What do the data tell us?
Too often, important decisions in education are made based on beliefs, ideology, politics, and, at best, incomplete information. When there is evidence, it is usually scarce, disorganized, and inconclusive. As a result, educators don’t ask the critical question: “What does the data tell us?”
As part of its “catalyst” role, the Wing Institute is partnering with Supporting Evidence (www.supportingevidence.com ) to launch a “data mining” initiative on its web site to help answer this question. The term “data mining” is frequently used in information technology. It generally refers to a process for collecting and analyzing data in order to identify trends, patterns, and relationships. The goals of the Wing Institute’s data mining are:
- Conduct an ongoing search for relevant research, data, and policy analyses.
- Conduct this research in the context of a “gap analysis”, by which fundamental questions are framed and knowledge gaps are identified.
- Display this information in accessible formats.
- Discuss implications of research and make suggestions for additional study.
- Provide an electronic community for the exchange of ideas, feedback and additional information.
Our data mining initiative is not designed to offer reviews of the research in terms of design, statistics, or conclusions.
Gap Analysis
The purpose of the “gap analysis” is to identify:
- critical questions that need to be answered to provide effective, evidence-based education (what we need to know)

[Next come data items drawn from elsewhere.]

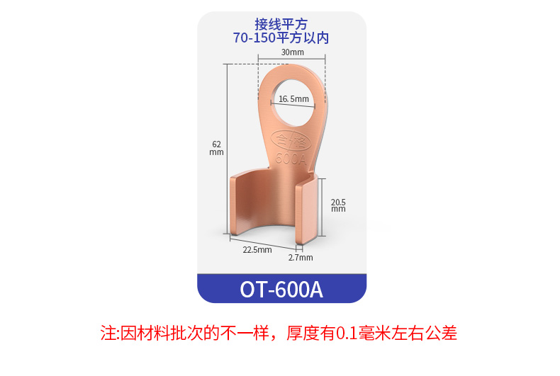 HUIJUN(汇君)OT紫铜接线端子OT-800A紫铜开口接线端子800A,适用于压线范围90-180平方以内
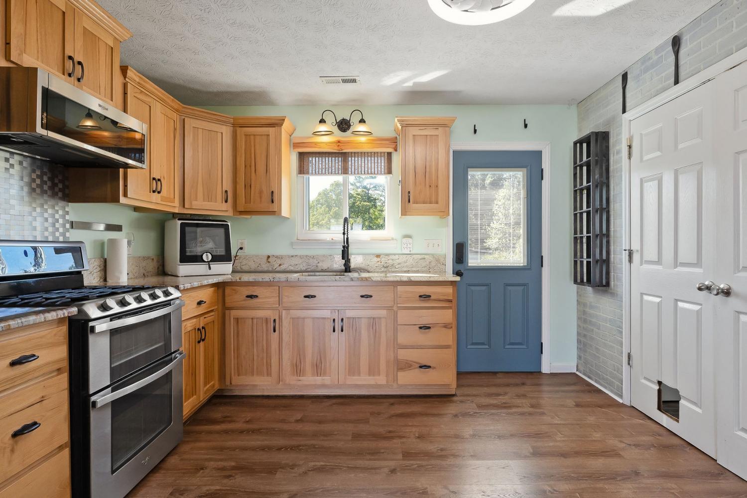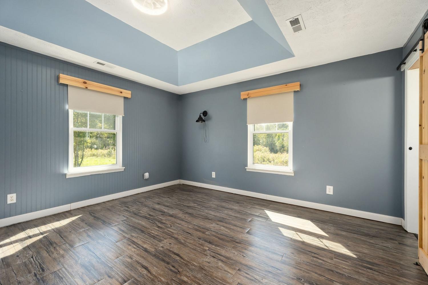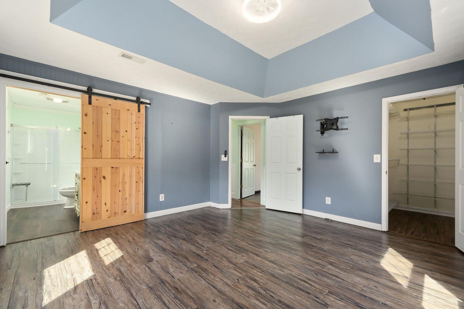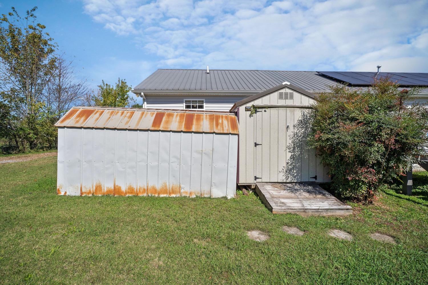 Don't miss this one!!! So many upgrades and features! This spacious 4-bedroom, 3-bathroom home offers a versatile layout with many updates throughout. The main area features 3 bedrooms and 2 bathrooms, while a private mother-in-law suite provides its own bedroom, kitchen, bathroom, and living room. Recent updates include newer flooring, fresh paint, updated lighting, three new entry doors, and a RainSoft brand water filtration system. Kitchen appliances in the main area and suite, along with the washer and dryer, remain with the home. The property also includes SOLAR PANELS, a tankless water heater, and ADA-compliant accessibility inside and outside. Two thermostats control separate zones for the main home and the suite. The home’s exterior features a tree-lined driveway, new front porch and steps, a freshly painted back deck, and a fenced (the very back of the property line may not be fenced) and sub-fenced yard. A one-car detached garage offers extra reinforcement underneath. The garage provides 220v electric wiring, an electric garage door opener, and window air. Additional storage includes two backyard sheds. There is a large 40x40 barn. The barn’s contents remain. The property was logged in 2007, and the septic system was recently pumped. The roof was replaced in 2013. New HVAC installed in 2021! Electricity is available in the field to the left of the home, ideal for a shed, pool, or other hobbies. Outdoor features include apple trees, black walnut trees, raspberry bushes, and blueberry bushes. The addition of the mother-in-law suite was completed in 2013. Paneling in the primary bedroom has sheetrock underneath. Kitchen counters are granite, and the living area includes a ventless gas fireplace.
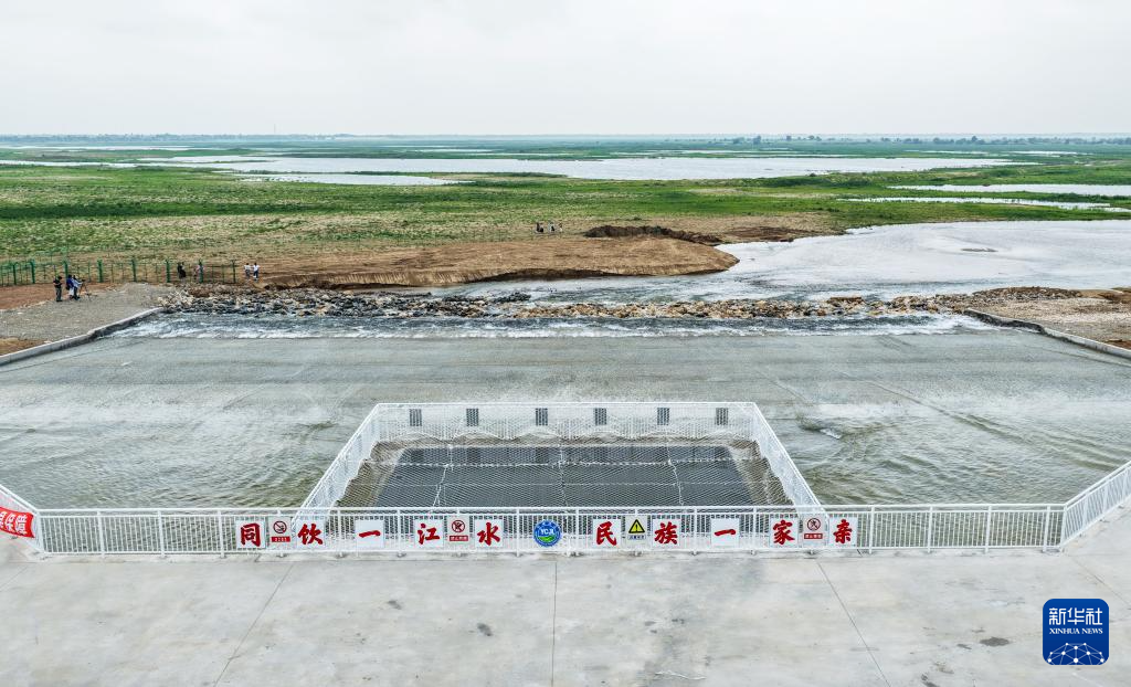 6月30日拍攝的引綽濟遼工程通遼市莫力廟水庫出水口(無人機照片)。
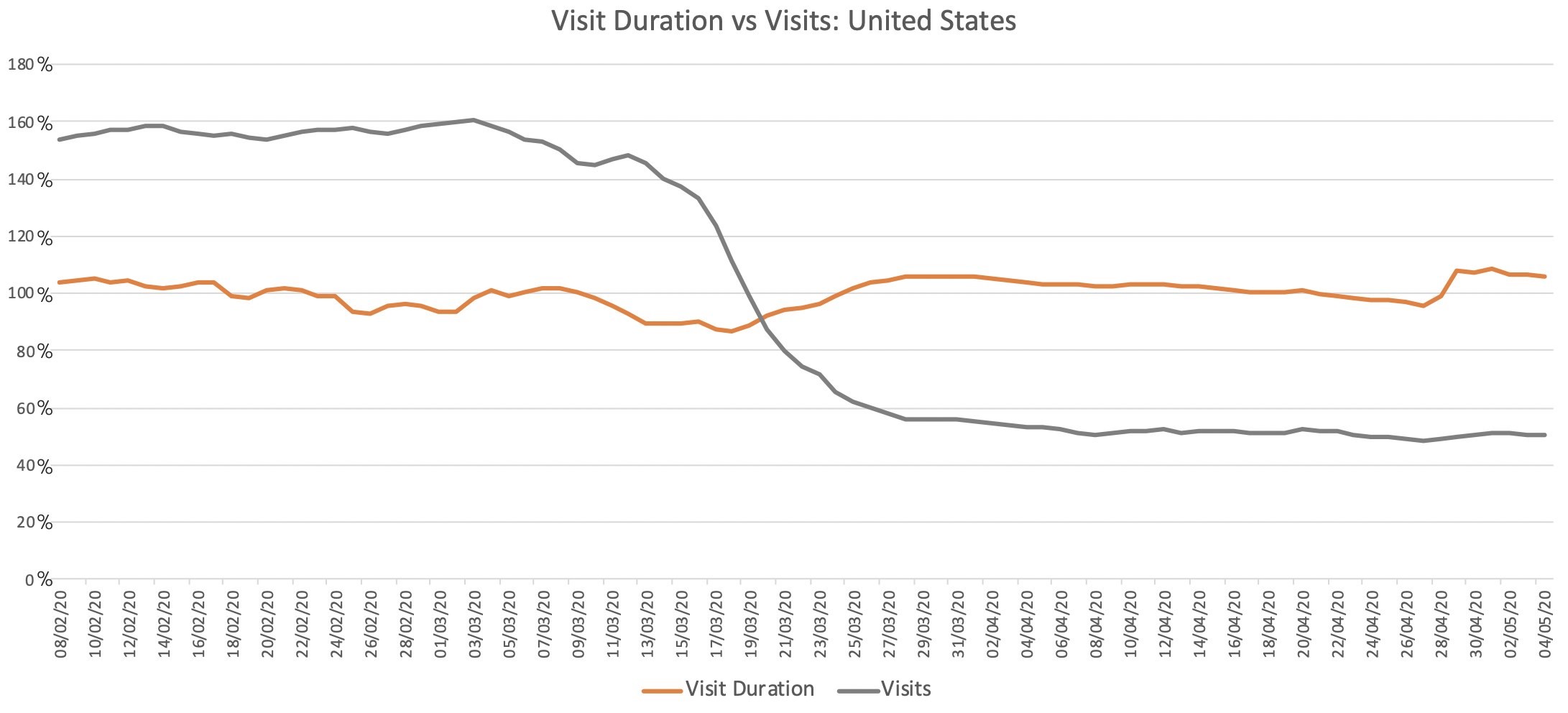We also observe that while the number of visits to retail outlets have fallen during this crisis, the time spent by shoppers per visit to the store has remained largely stable.
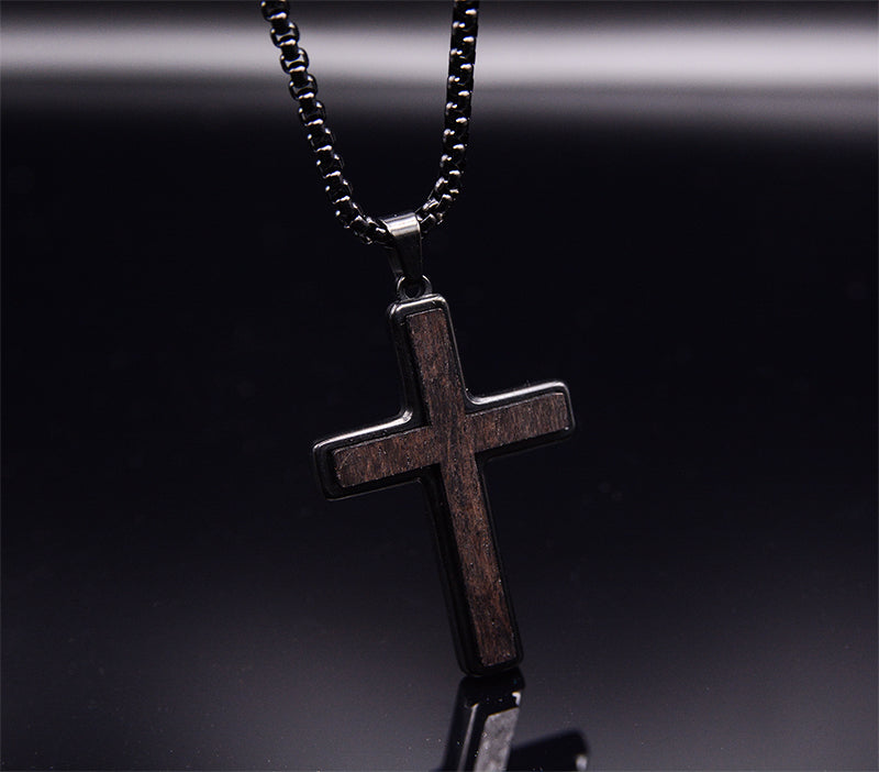 Black Stainless Steel Men's Cross Necklace with Ebony Wood Pendant
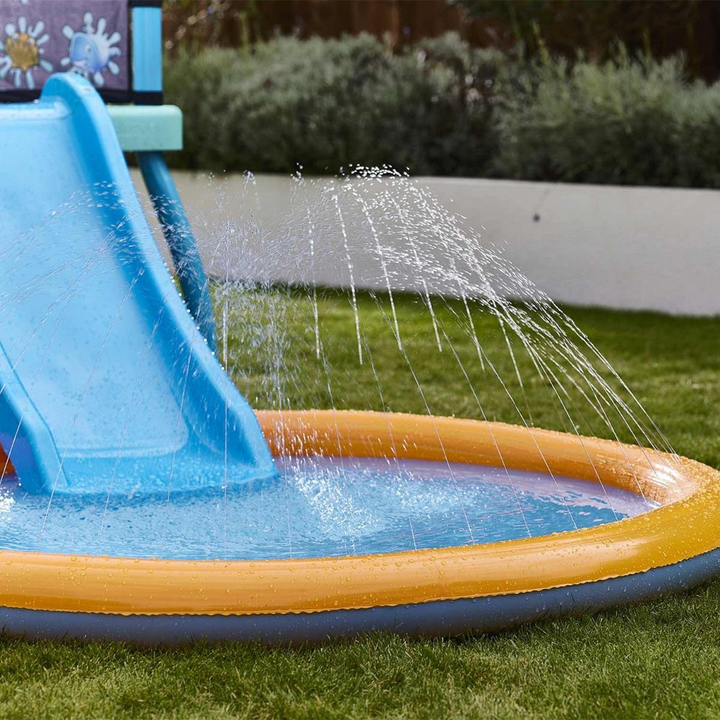 - Features three exciting water accessories: waterblaster, 8-pattern sprayer, and bubble blower.- Includes a water slide and splash pad with integrated sprayers.
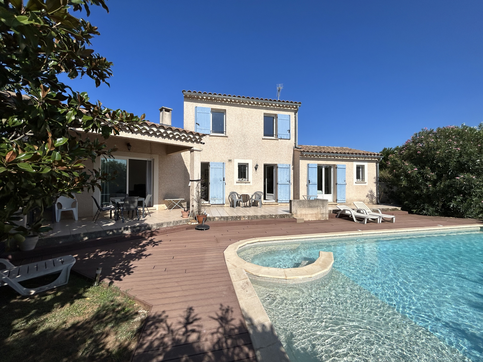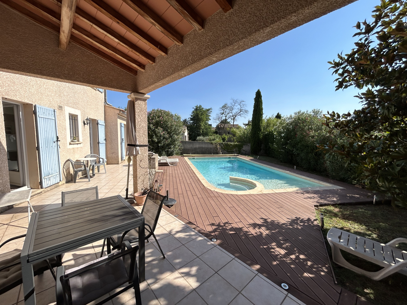 EXCLUSIVITE. A pied du village de ST QUENTIN LA POTERIE. Belle maison de 127m² habitables construite en 2003 et implantée sur une parcelle de 800m². La pièce à vivre de 46,5m² baignée de lumière avec sa cuisine équipée s'articule autour de la terrasse couverte et donne sur l'espace piscine. Une chambre en suite au rdc avec son dressing et sa salle d'eau. 2 chambres à l'étage avec salle de bains et wc. 1 chambre attenante au rdc avec salle d'eau. Atelier indépendant de 14,5m². Climatisation gainable. Forage. Arrosage automatique. Piscine 10X5 carrelée avec plage et fond descendant. Au calme et sans vis à vis. Consommation énergétique : 133kw/m2/an. Emission de gaz à effet de serre 4KgCo2/m2/an Date des diagnostics 13/09/2024. Estimation des coûts annuels entre 1310€ et 1830€. Les honoraires sont à la charge du vendeur. Les informations sur les risques auxquels ce bien est exposé sont disponibles sur le site www.georisques.gouv.fr
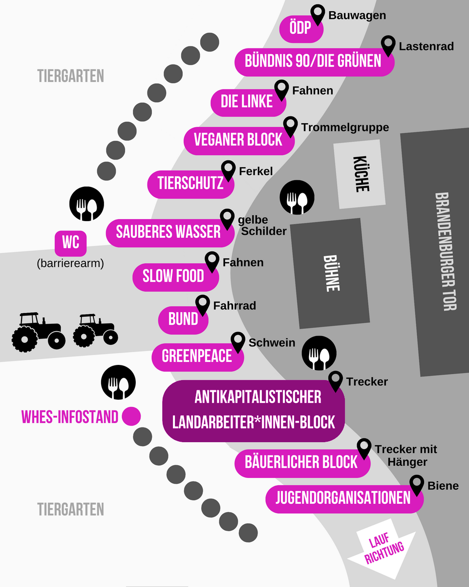 - 17.1.: 9 Uhr – 11:15 Uhr: Frühstück für Beschäftigte aus den Grünen Gewerken @ PA58 | 12 Uhr: Antikapitalistischer Landarbeiter:innen-Block auf der „Wir haben es satt!“-Demo @ Brandenburger Tor | 17 Uhr: Aufwärmen und Ankommen @PA58 | 18 Uhr: veganes Abendessen für alle @PA58 | 19:30 Uhr: Vernetzungsabend mit ELAN, IGG, Interbrigadas, jAbL und anderen @PA58 | danach Ausklang und Übernachtung
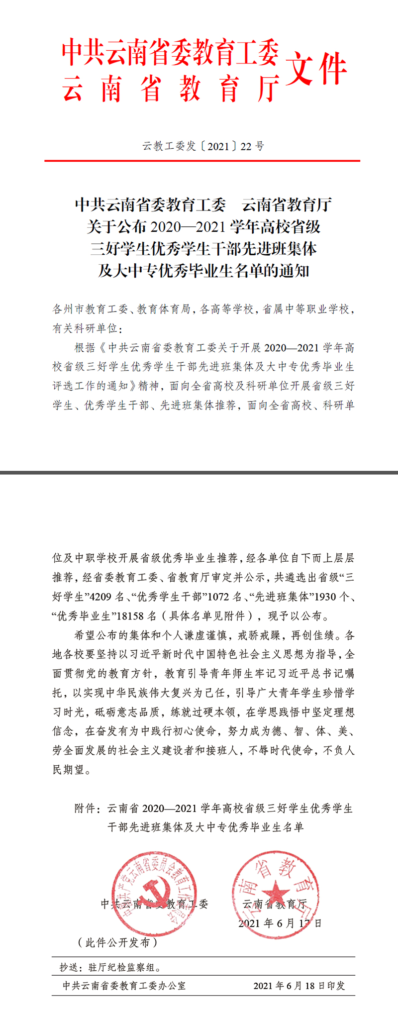 【喜 报】:sjb世俱杯官方网站2020-2021学年省级三好学生、优秀学生干部、先进班集体及大中专优秀毕业生名单揭晓
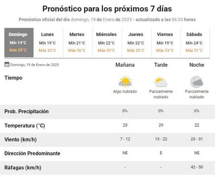 Esta información es suministrada por el Servicio Meteorológico Nacional para la localidad.
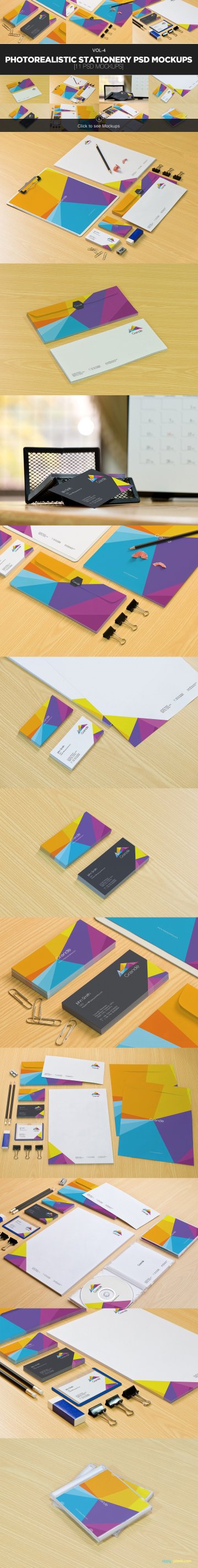 一套非常全面的企业品牌物料样机,几乎涵盖了大部分办公司能看到的一些小的宣传物料物件,比如信纸、信封、工牌、便签、光盘、纸袋……需要做企业品牌设计的小伙伴们,这套素材必须是囊中之物,拿到手只管将设计好的品牌 Logo 网上贴就好(智能对象)。
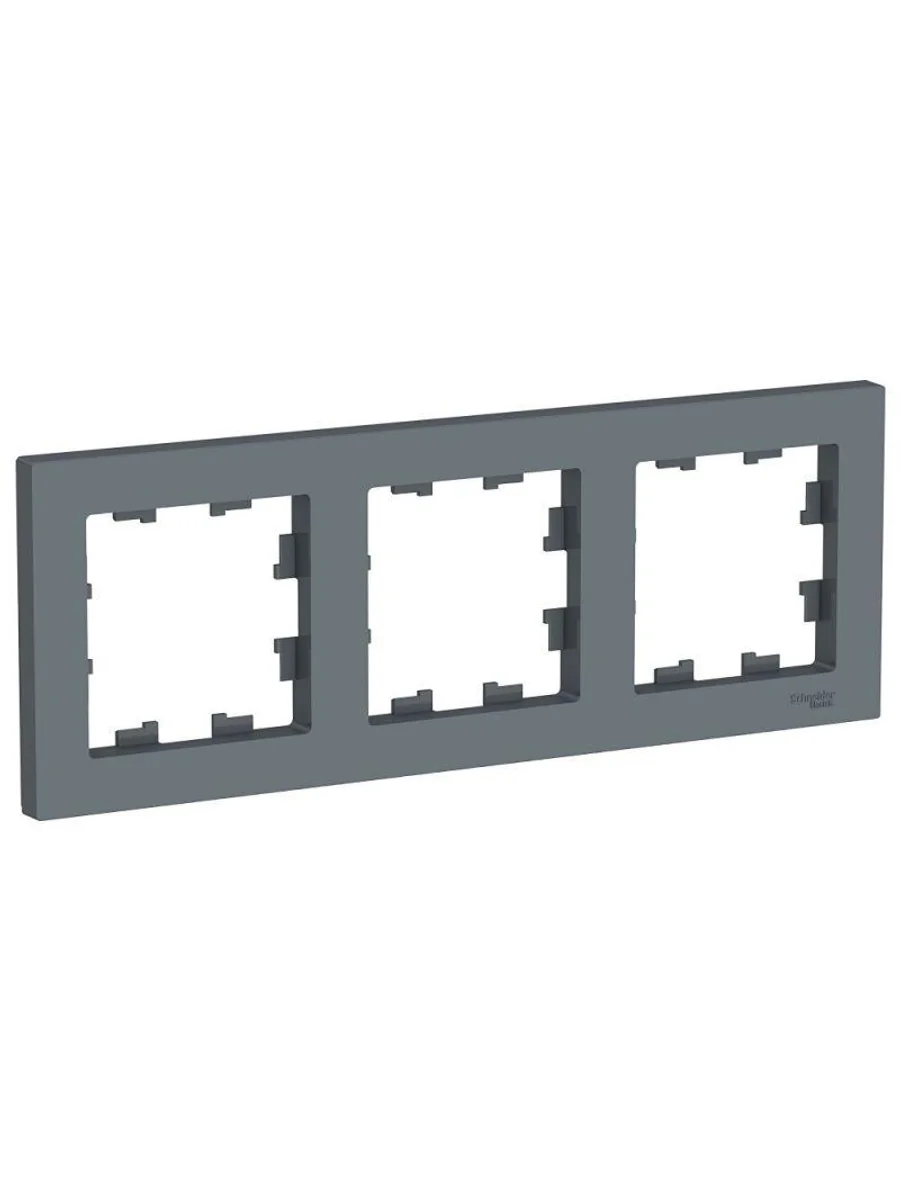 Рамка Systeme Electric серии AtlasDesign в цвете грифель трёхместная. - Устанавливается в вертикальном и горизонтальном положениях. - Лицевые детали из качественного ABS-пластика, устойчивого к царапинам и УФ-излучению. - Позволяет гармонично вписать электроустановочное изделие в интерьер помещения (ранее Schneider Electric S53P806V).
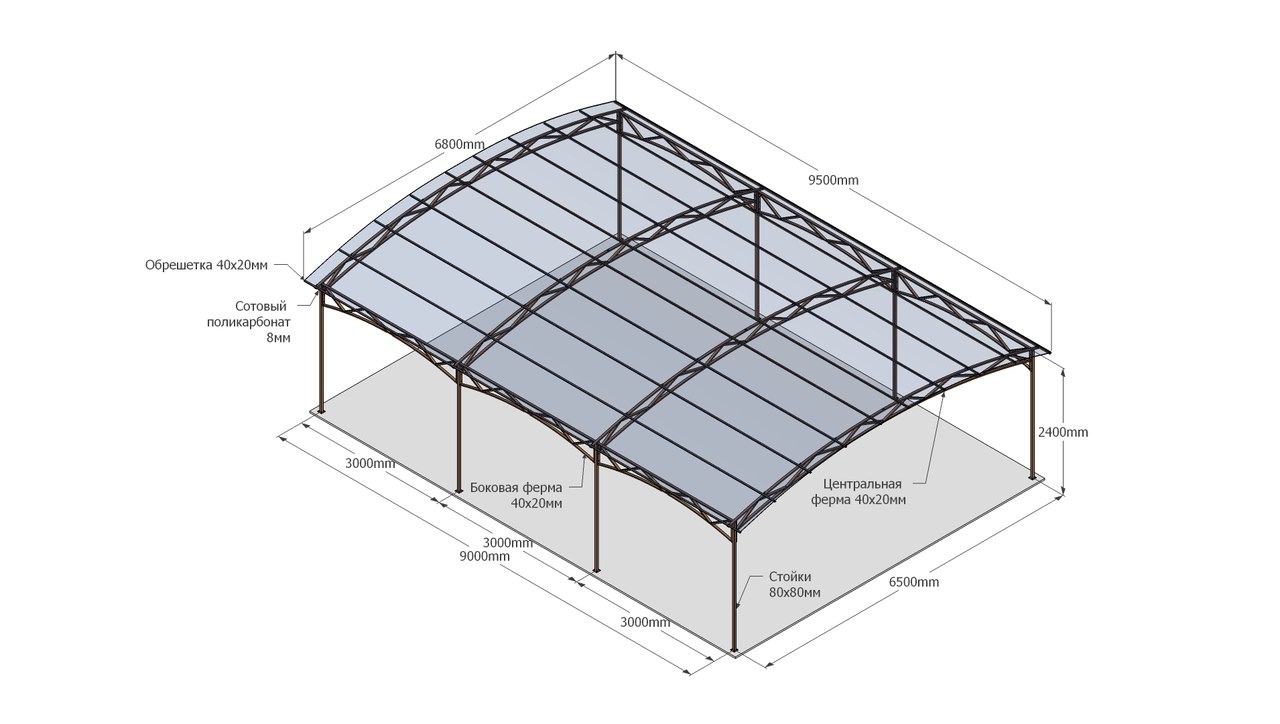 Навесы для машины из поликарбоната, фото проект стоянки на 2 автомобиляДля прогонов — труба профилированная 40*80 мм, для больших навесов под машину – 80*80 мм, для мауэрлата 100*100 мм либо 150*150 мм, для обрешетки металлической – труба 40*40 мм, для стропильной системы из дерева – обрезная доска 100*40 мм.
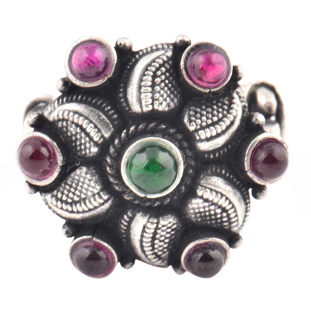 A very regal looking 92.5 Sterling Silver Ring hand crafted by the master craftsmen of India has a lovely leafy flower with amethyst and onyx stone in oxidized silver metal .It suits all kinds of traditional wear and is the perfect gift for your sister, wife, mother, friend colleague or other family members.
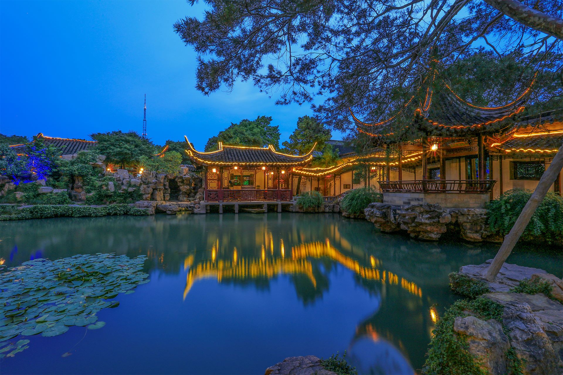 "晚上的网师园,柔美灯光、婆娑树影渲染出清幽雅致的文化氤氲,昆曲、评弹、古琴、江南丝竹、

- existing information that answers these questions (what we do know)
- “gaps” in the knowledge base (what we don’t know)
The initial questions are identified in the following graphic:

The gap analysis is organized into four areas of evidence: students, teachers, systems, and home. Each area has its own landing page and “gap analysis” heuristic.
SupportingEvidence.com
The Wing Institute would like to acknowledge the efforts of Scott Gibson of Supporting Evidence for his support in developing the “Data Mining” area of our web site. Supporting Evidence provided inspiration in conceptualizing and constructing “Data Mining”. We are please to announce that Scott will continue to be an active participant in research and display of data on the Wing Institute site. We also recommend you visit www.SupportingEvidence.com to see graphical displays of a variety of data on education, government, and health topics. The goal of Supporting Evidence is to collect data from reliable sources, compare and combine it in interesting ways, and publish understandable charts that inform, entertain, and support better decision-making. You will find it fascinating and we believe it is well worth a visit to explore the site.
Data Mining Tools
Guide to Evaluating Research and Definitions
The Wing Institute recommends the Institute of Education Science’s guide as a valuable tool in evaluating the validity and reliability of educational research. The guide has been designed to be practical and user-friendly for anyone interested in identifying those practices that meet rigorous standards from those that do not.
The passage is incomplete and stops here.